Collected material —
Segment Open

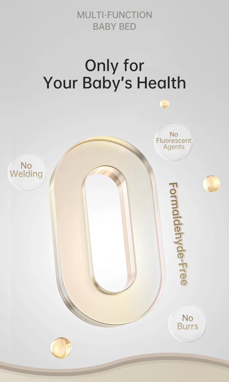 Frame Humanized Design; Made of skin-friendly linen cotton fabric, lightweight aluminum alloy, and carbon steel frame. (it's No welding, No fluorescent Agents, No formaldehyde, No burrs)The fabrics of baby cribs are removable to clean. One side of the crib is opening for leaning against with parents' bed. The height of the crib is adjustable. And there is a large storage basket below
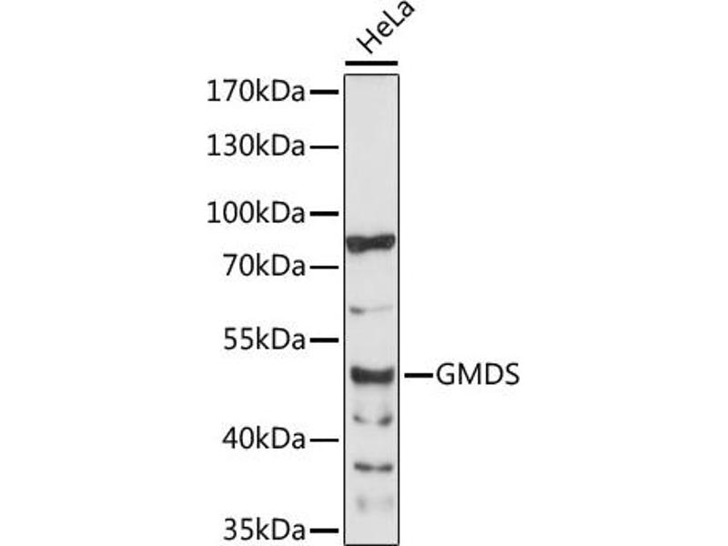 GDP-mannose 4,6-dehydratase (GMD, EC 4.2.1.47) catalyzes the conversion of GDP-mannose to GDP-4-keto-6-deoxymannose, the first step in the synthesis of GDP-fucose from GDP-mannose, using NADP+ as a cofactor. The second and third steps of the pathway are catalyzed by a single enzyme, GDP-keto-6-deoxymannose 3,5-epimerase, 4-reductase, designated FX in humans (MIM 137020).,GMDS,GMD,SDR3E1,GDP-mannose 4,Cancer,Signal Transduction,Endocrine & Metabolism,GMDS
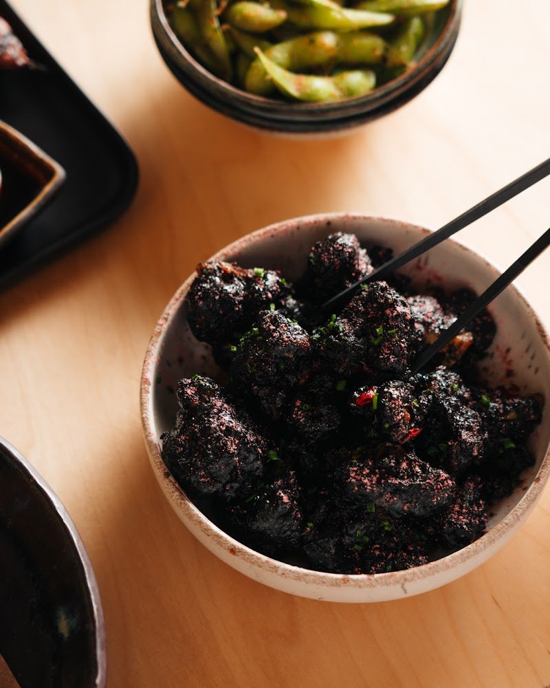 Delicious food and attentive service, we had a newer staff member serving us who was very considerate and quick on her feet. We had the Kingfish Sashimi, Charcoal Cauliflower, Yellowfin Tuna Yakitori, Roasted Pumpkin Kabocha. Charcoal Cauliflower is a must have, delicious, crunchy and saucy. The pumpkin also had an unexpectedly creamy and rich flavour. We had dessert after with the Blood Orange Sorbet of the day and Tofu Doughnuts, both great choices. The Tuna Yakitori was slightly coarser than I thought it would be, it was like I was eating pork, and it didn't taste entirely fresh like the sashimi did. Perhaps I'm not entirely used to eating that fish grilled? Otherwise everything else was amazing. We arrived at 5.30pm and was served promptly for each dish, the ambience was fun but the sound control was perfect. Lovely venue and would go back for the cauliflower for sure.
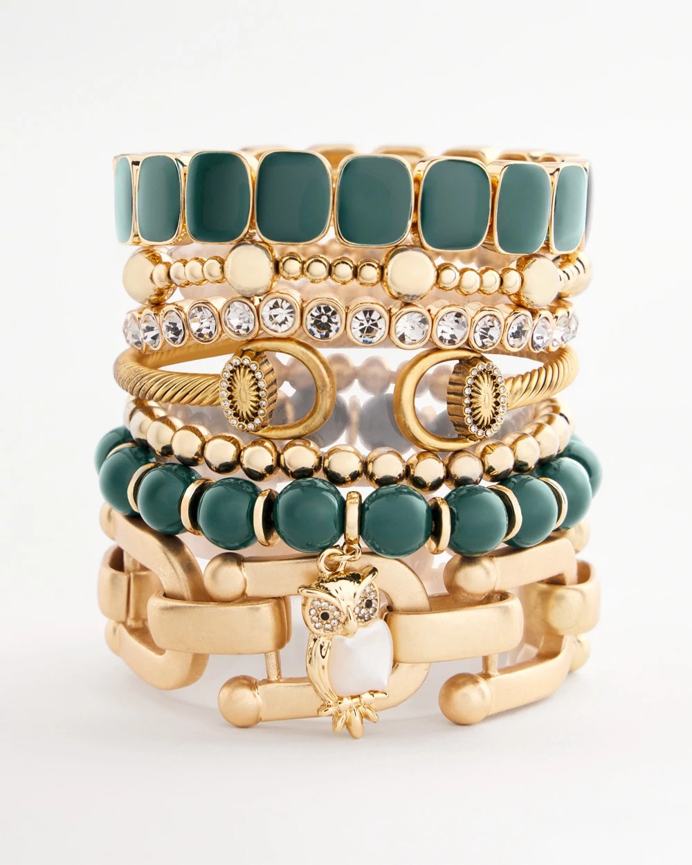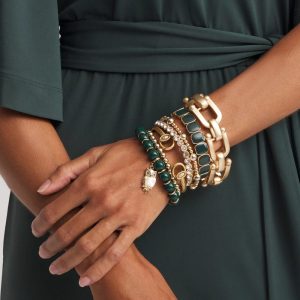 Elevate your style and bracelet stacks with this glamorous Green & Gold Beaded Charm Bracelet. Continually evolving, the Chico’s bracelet bar features one-of-a-kind flattering designs that bring current fashion sense and our designers innate vision to your overall beauty.

Segment Closed

What needs to be done — For your answer, write out the data exactly and drop every picture.

Task output —
 Frame Humanized Design; Made of skin-friendly linen cotton fabric, lightweight aluminum alloy, and carbon steel frame. (it's No welding, No fluorescent Agents, No formaldehyde, No burrs)The fabrics of baby cribs are removable to clean. One side of the crib is opening for leaning against with parents' bed. The height of the crib is adjustable. And there is a large storage basket below
 GDP-mannose 4,6-dehydratase (GMD, EC 4.2.1.47) catalyzes the conversion of GDP-mannose to GDP-4-keto-6-deoxymannose, the first step in the synthesis of GDP-fucose from GDP-mannose, using NADP+ as a cofactor. The second and third steps of the pathway are catalyzed by a single enzyme, GDP-keto-6-deoxymannose 3,5-epimerase, 4-reductase, designated FX in humans (MIM 137020).,GMDS,GMD,SDR3E1,GDP-mannose 4,Cancer,Signal Transduction,Endocrine & Metabolism,GMDS
 Delicious food and attentive service, we had a newer staff member serving us who was very considerate and quick on her feet. We had the Kingfish Sashimi, Charcoal Cauliflower, Yellowfin Tuna Yakitori, Roasted Pumpkin Kabocha. Charcoal Cauliflower is a must have, delicious, crunchy and saucy. The pumpkin also had an unexpectedly creamy and rich flavour. We had dessert after with the Blood Orange Sorbet of the day and Tofu Doughnuts, both great choices. The Tuna Yakitori was slightly coarser than I thought it would be, it was like I was eating pork, and it didn't taste entirely fresh like the sashimi did. Perhaps I'm not entirely used to eating that fish grilled? Otherwise everything else was amazing. We arrived at 5.30pm and was served promptly for each dish, the ambience was fun but the sound control was perfect. Lovely venue and would go back for the cauliflower for sure.
 Elevate your style and bracelet stacks with this glamorous Green & Gold Beaded Charm Bracelet. Continually evolving, the Chico’s bracelet bar features one-of-a-kind flattering designs that bring current fashion sense and our designers innate vision to your overall beauty.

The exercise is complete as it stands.